*What to work on:*
In the records below, find the line with "Der Kern der" and repeat exactly every line from it through the line with "Zurück im Flur, führt". Pictures stay out.

*Supplied information:*
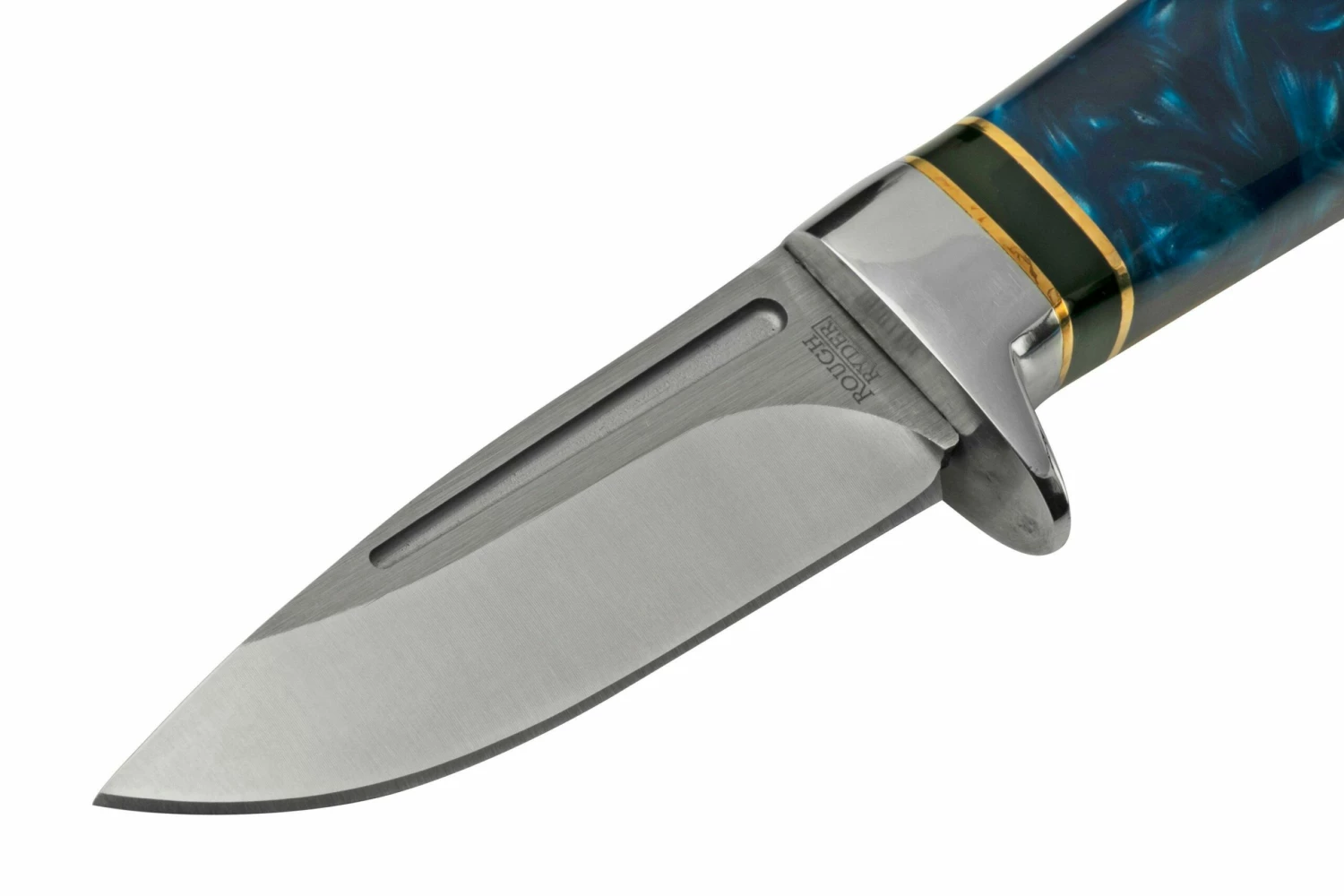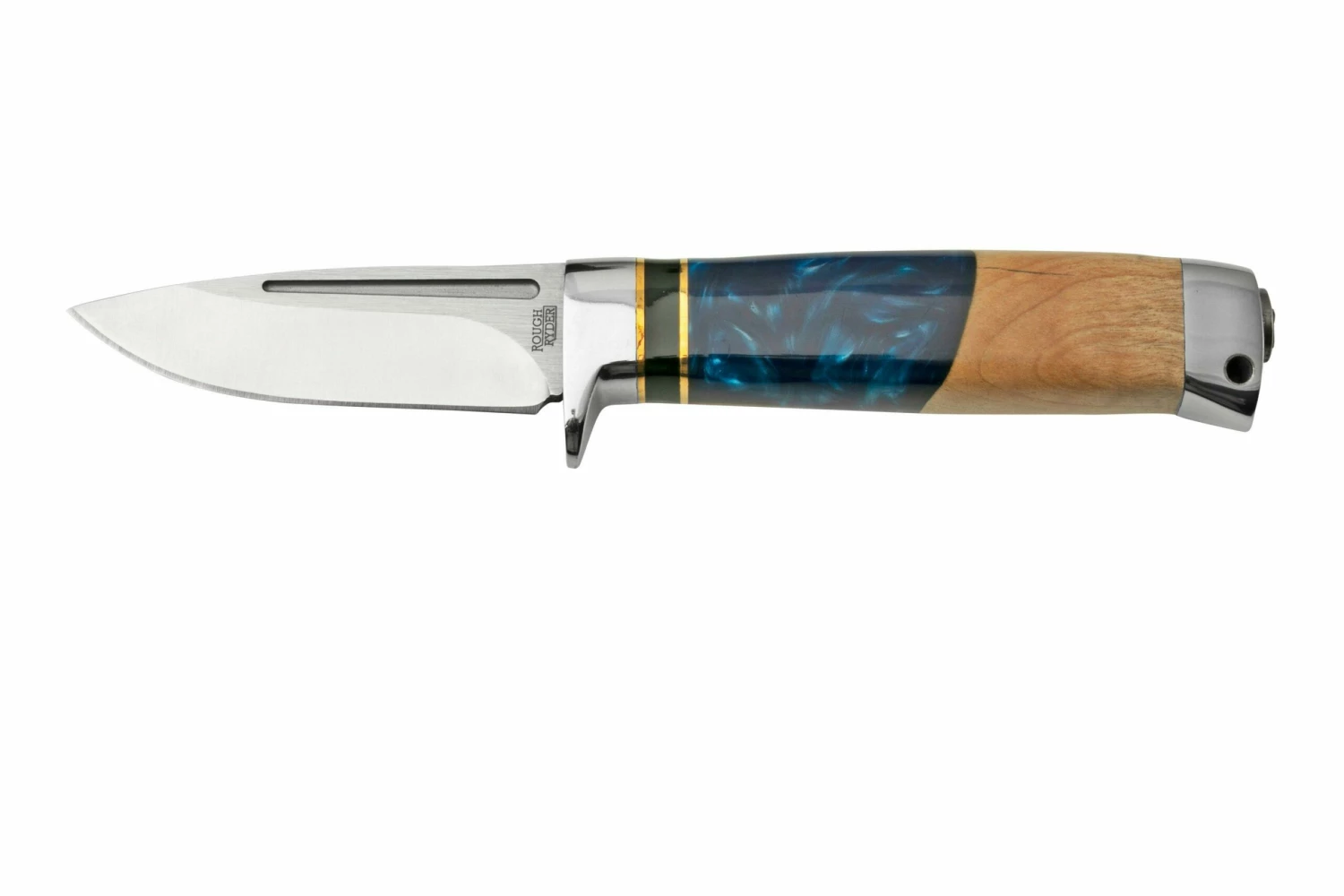 El Rough Ryder Fixed Blade es un cuchillo fijo genial. Un gran cuchillo de caza. Al ver este cuchillo, te darás cuenta inmediatamente del mango. Fabricado en madera y resina, la combinación de colores es lo que hace que este cuchillo sea único. El cuchillo viene con una pequeña piedra de afilar y una bonita funda de nylon.
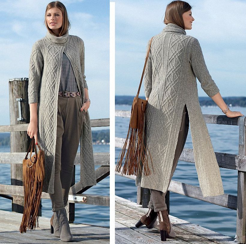 Эффектное изделие может позволить себе любая модница, умеющая вязать. Но некоторые стильные вещи не каждый мастер возьмется повторить, даже если есть подходящая пряжа, описание модели, мерки и выкройка. Однако в этом нет ничего сложного – вяжется как кофта удлиненного фасона, отдельные детали потом сшиваются.
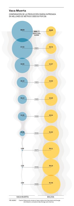 Así, mientras en 2015 Bolivia tuvo su pico de producción con 61,48 millones de metros cúbicos diarios, ese nivel ya fue superado en Vaca Muerta pues en los primeros siete meses de este año (es decir en los datos registrados hasta el momento ya que en días se conocerá la producción de agosto), se alcanzó un promedio de 69,52 millones de metros cúbicos.
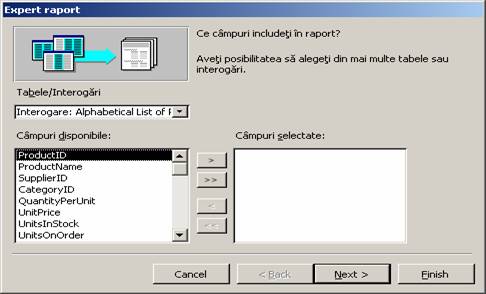 Daca alegerea nu corespunde necesitatilor dorite, se foloseste butonul de renuntare, dupa selectarea campului respectiv din fereastra Fields in my new table.
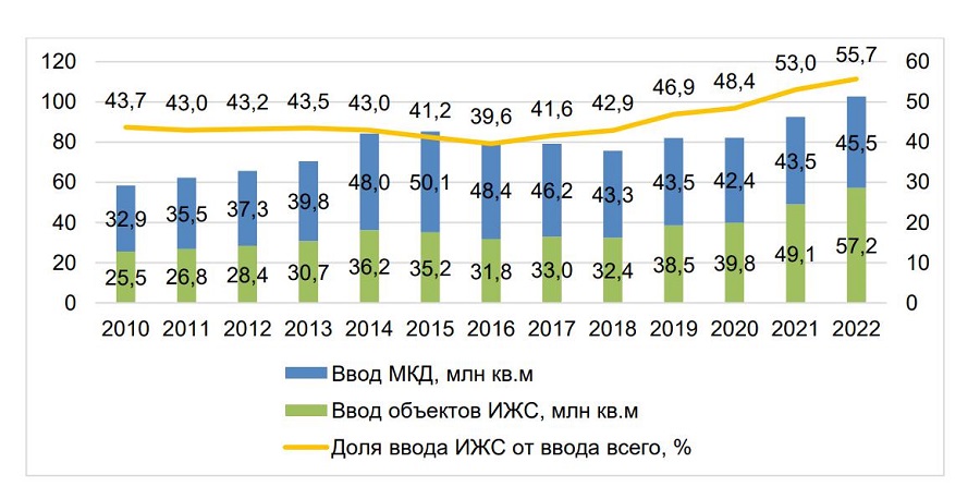 Объем ввода объектов ИЖС и МКД в России, млн кв. м общей площади
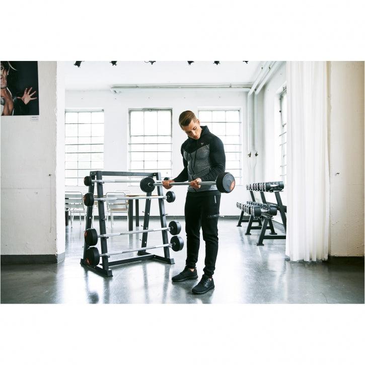 Der Kern der Stangen besteht aus stabilem Gusseisen, die Rubber Barbells selbst sind mit einer dicken Gummischicht ummantelt. So macht es ihnen nichts aus, wenn eine Hantel mal auf dem Boden landet – was leicht passieren kann, wenn du nach den neuen Übungen im Triumph die Hände zum Jubeln öffnest. Die Gummigewichte umfassen Gewichtsklassen von 10 kg bis 50 kg, die Durchmesser verändern sich entsprechend von 11 cm auf 19.5 cm bei 50 kg Gesamtgewicht. Wenn du es ganz perfekt haben willst, dann legen wir dir noch das Rubber Barbell Rack ans Herz. Hier kannst du deine Gewichte optimal lagern.
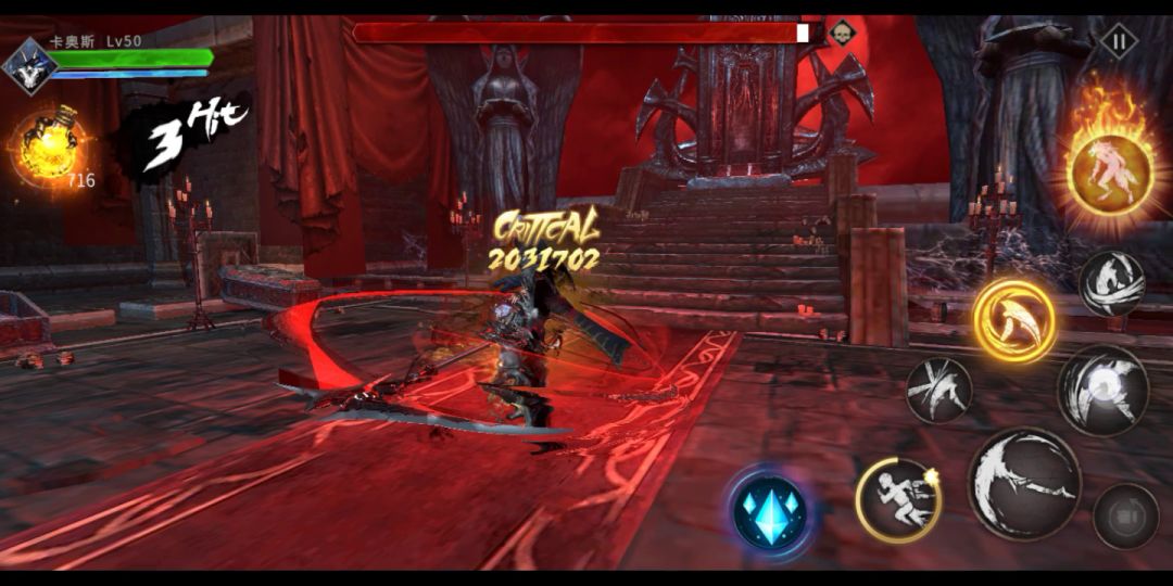 极闪后镰刀3技能伤害高于boss血量,一击必杀!录视频出了个加魔法的精魄,先留着。
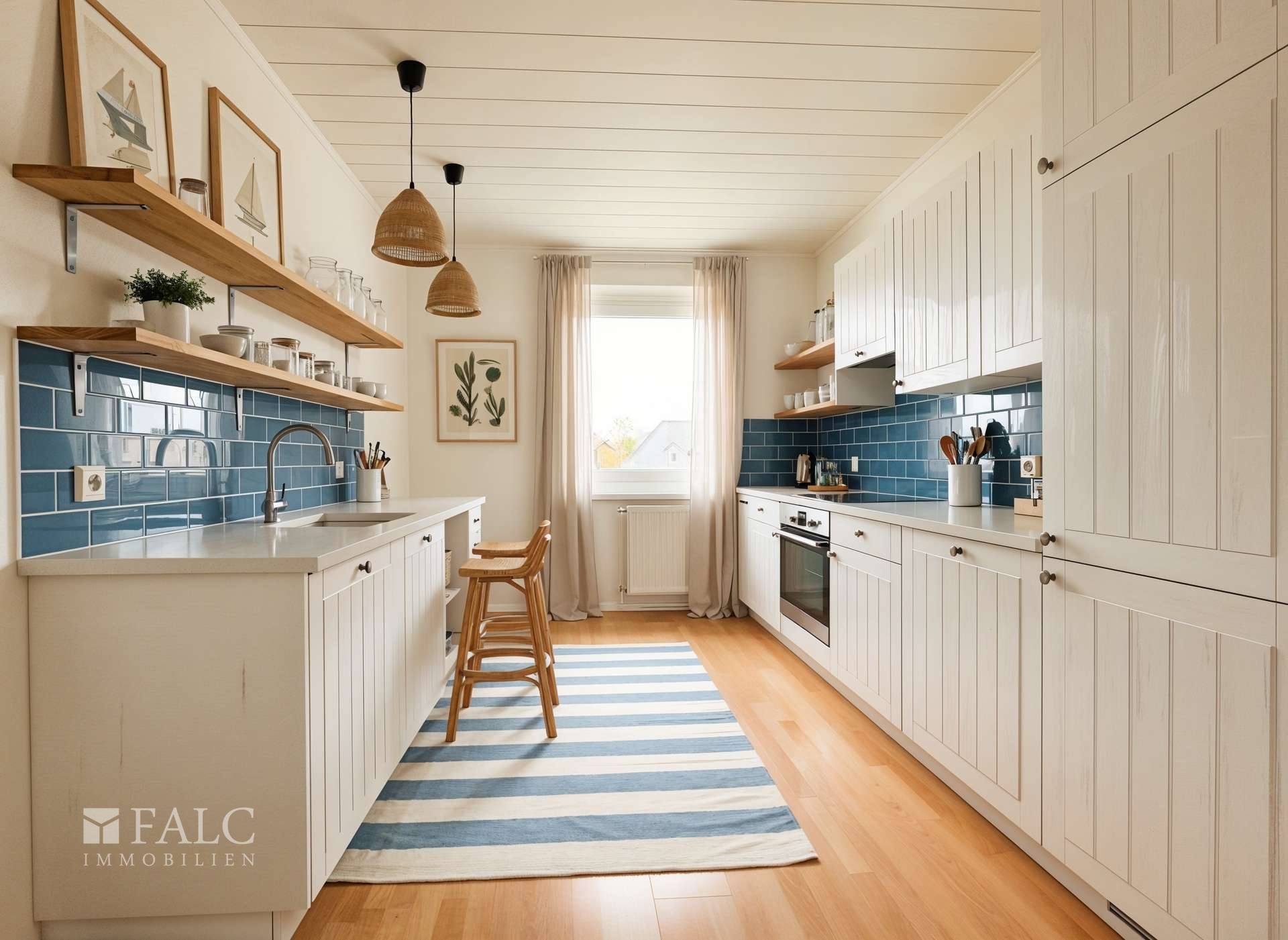 Zurück im Flur, führt der Weg weiter in die Küche. Diese ist funktional gestaltet und bietet genügend Platz für alle notwendigen Küchengeräte. Die Fenster sorgen für eine angenehme Belüftung und Helligkeit.
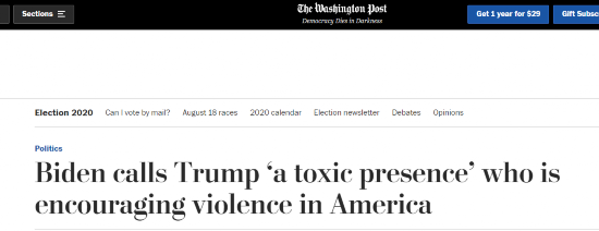 “4年来,唐纳德·特朗普在我们国家一直是一个有毒的存在,我们能摆脱这种毒素吗?”当地时间8月31日,美国民主党总统候选人拜登发表竞选演讲,再次谴责美国近期的暴力示威活动,并炮轰美国总统特朗普煽动暴力,让所有美国人陷入危险,是“有毒的存在”。
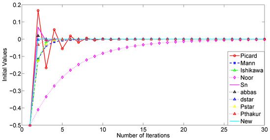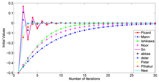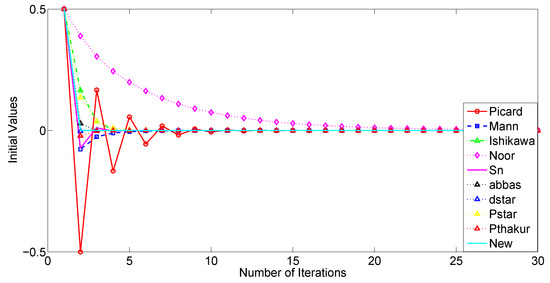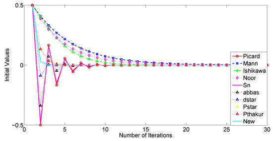 To address this, various iterative procedures have been developed to approximate the fixed points of nonexpansive mappings and their different invariants. The foundational algorithm for nonexpansive mappings include one-step Mann iteration [18] given as follows. Let be an arbitrary point in a closed and convex subset K of a normed space X. Define a sequence in X by

*Response for this exercise:*
 Der Kern der Stangen besteht aus stabilem Gusseisen, die Rubber Barbells selbst sind mit einer dicken Gummischicht ummantelt. So macht es ihnen nichts aus, wenn eine Hantel mal auf dem Boden landet – was leicht passieren kann, wenn du nach den neuen Übungen im Triumph die Hände zum Jubeln öffnest. Die Gummigewichte umfassen Gewichtsklassen von 10 kg bis 50 kg, die Durchmesser verändern sich entsprechend von 11 cm auf 19.5 cm bei 50 kg Gesamtgewicht. Wenn du es ganz perfekt haben willst, dann legen wir dir noch das Rubber Barbell Rack ans Herz. Hier kannst du deine Gewichte optimal lagern.
 极闪后镰刀3技能伤害高于boss血量,一击必杀!录视频出了个加魔法的精魄,先留着。
 Zurück im Flur, führt der Weg weiter in die Küche. Diese ist funktional gestaltet und bietet genügend Platz für alle notwendigen Küchengeräte. Die Fenster sorgen für eine angenehme Belüftung und Helligkeit.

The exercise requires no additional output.